H. gigas is primarily a diurnal species. It is also a very active and inquisitive snake, which spends much of the day climbing, burrowing, and swimming. Temperaments can vary considerably among specimens; some are docile, while others are more defensive or even outright aggressive.

Many specimens are maintained in captivity, and some are even kept as pets. Captive-bred specimens can become quite tame and trusting, and many exhibit a high level of intelligence.

==Feeding==
In the wild, H. gigas primarily feeds on fish and amphibians, but will also eat small mammals, birds, and reptiles. In captivity, they can be introduced to other types of food, as well.

==Venom==
H. gigas is a dipsadid snake with aglyphous dentition. The posterior maxillary teeth are somewhat enlarged and differentiated compared to the anterior teeth and are associated with a Duvernoy's gland that produces biologically active oral secretions with proteolytic activity. The liquid venom yield ranges from 0 to 50 microliters and the solid venom yield is 1.3 mg.

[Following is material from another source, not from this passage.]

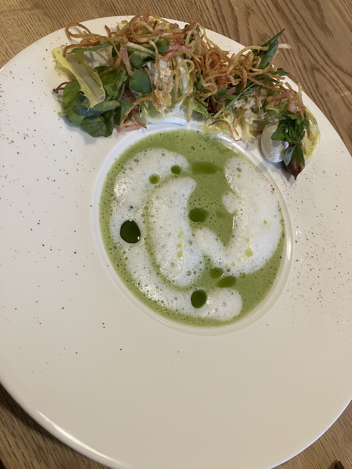 鴨の骨に野菜とお酒を加えて丸一日煮込み、ミキサーにかけて濾し、仕上げにフォンドボーと豚の血を入れて濃度とコクのあるソースに。シンプルにオーブンで焼いた鴨肉とともに、こだわりのソースが味わえる一品。

Although there have been many bite cases, there are only four reported cases of significant reaction in humans from this species. Symptoms after envenomation in those cases include severe swelling, bruising, numbness, itching, dizziness. Most bites report only mild local pain and minor swelling. Manning et al. (1999) described a case in which an 18-year-old male pet-store employee was bitten on the wrist by a specimen that hung on for 1.5 minutes. Some mild local swelling resulted, and after nine hours, the victim claimed to have experienced three bouts of muscle paralysis, during which he fell and was unable to move or speak. The medical examination revealed no evidence of systemic envenomation however.

==Taxonomy==
This species was once considered to constitute a single monotypic genus, Cyclagras.